Five years on the streets of New York made me aware of the need for some method of bringing native New Yorkers to friendship with Puerto Ricans. Minister, teachers, social workers, all were submerged in a Spanish-speaking crowd. They needed to learn the language, but even more they needed to attune their ears and open their hearts to the anguish of a people who were lonely, frightened, and powerless.
Quite evidently the mere study of Spanish was not enough. The man who can construct sentences with words and grammar may be much further from reality than he who knows that he does not speak a language. I saw how intensely Puerto Ricans rejected the Americano who studied them for the purpose of “integrating them” in the city. They even refused to answer in Spanish, because behind his benevolence they sensed
the condescension, and often the contempt. A program was needed to help native New Yorkers to enter into the spirit of poverty.
In 1956 I became Vice Rector of the Catholic University of Puerto Rico and this gave me a chance to prepare people for work in the Spanish ghettos. We offered workshops combining the very intensive study of spoken Spanish with field experience and with the academie study of Puerto Rican poetry, history, songs, and social reality. Many of my students came at great personal sacrifice. More than half were priests, mostly below the age of thirty-five. They had decided to spend their lives among the poor in the inner city. It is now difficult to remember how the Catholic clergy then felt about its duty. It was hard to convince an Irish-American pastor to permit his curate to spend his time on people who never came to church. The Spanish language was a potent tool for curates who wanted to use their time and the resources of the Church for work among the poor. Because—presumably—the Spanish language identified those poor who were born Catholics, and to whom the Church under no circumstances could deny cm equal share of its ministry. When seven years later the war on poverty broke out, a substantial number of recognized leaders and critics were these men who had met each other in Puerto Rico. With this group of students I could explore the deeper meaning involved in the learning of a foreign language. In fact, I believe that properly conducted language learning is one of the few
occasions in which an adult can go through a deep experience of poverty, of weakness, and of dependence on the good will of another. Every evening we gathered for an hour of silent prayer. At the beginning of the hour one of us would offer points for meditation. The following is one of the sessions recorded by a participant.

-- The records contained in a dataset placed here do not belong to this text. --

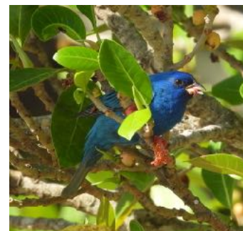
Right: Indigo Bunting
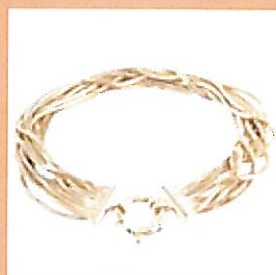
658624 • from £138.00 9ct Gold 18cm 9 Strand Glamour Bracelet, 11.9g QVC Price from £152.00
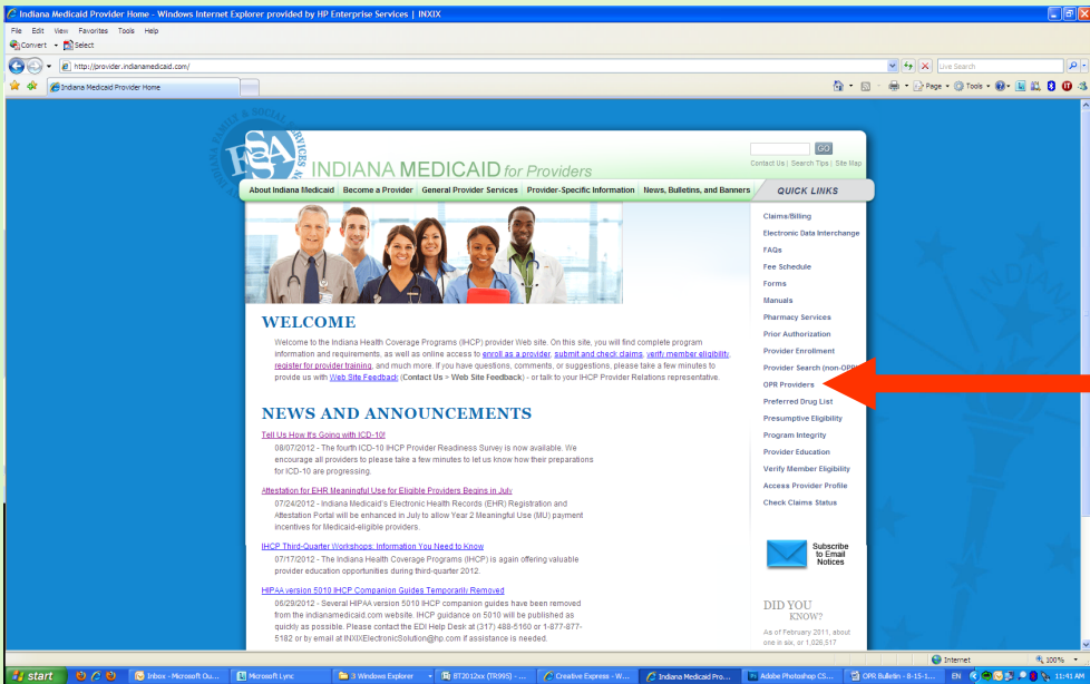
Quick Link to OPR Providers web page on indianamedicaid.com

Providers may verify IHCP enrollment by using the OPR Provider Search function on indianamedicaid.com. Refer to the OPR Provider quick link and select the OPR Provider Search option.

The science of linguistics has brought into view new horizons in the understanding of human communications. An objective study of the ways in which meanings are transmitted has shown that much more is relayed from one man to another through and in silence than in words. Words and sentences are composed of silences more meaningful than the sounds. The pregnant pauses between sounds and utterances become luminous points in an incredible void: as electrons in the atom, as planets in the solar system. Language is as a cord of silence with sounds the knots—as nodes in a Peruvian quipu, in which the empty spaces speak. With Confucius we can see language as a wheel. The spokes centralize, but the empty spaces make the wheel.
It is thus not so much the other man’s words as his silences which we have to learn in order to understand him. It is not so much our sounds which give meaning, but it is through the pauses that we will make ourselves understood. The learning of a language is more the learning of its silences than of its sounds. Only the Christian believes in the Word as coeternal Silence. Among men in time, rhythm is a law through which our conversation becomes a yang-yin of silence and sound.
To learn a language in a human and mature way, therefore, is to accept the responsibility for its silences and for its sounds. The gift a people gives us in teaching us their language is more a gift of the rhythm, the mode, and the subtleties of its system of silences than of its system of sounds. It is an intimate gift for which we are accountable to the people who have entrusted us with their tongue. A language of which I know only the words and not the pauses is a continuous offense. It is as the caricature of a photographic negative.
It takes more time and effort and delicacy to learn the silence of a people than to learn its sounds. Some people have a special gift for this. Perhaps this explains why some missioners, notwithstanding their efforts, never come to speak properly, to communicate delicately through silences. Although they “speak with the accent of natives” they remain forever thousands of miles away. The learning of the grammar of silence is an art much more difficult to learn than the grammar of sounds.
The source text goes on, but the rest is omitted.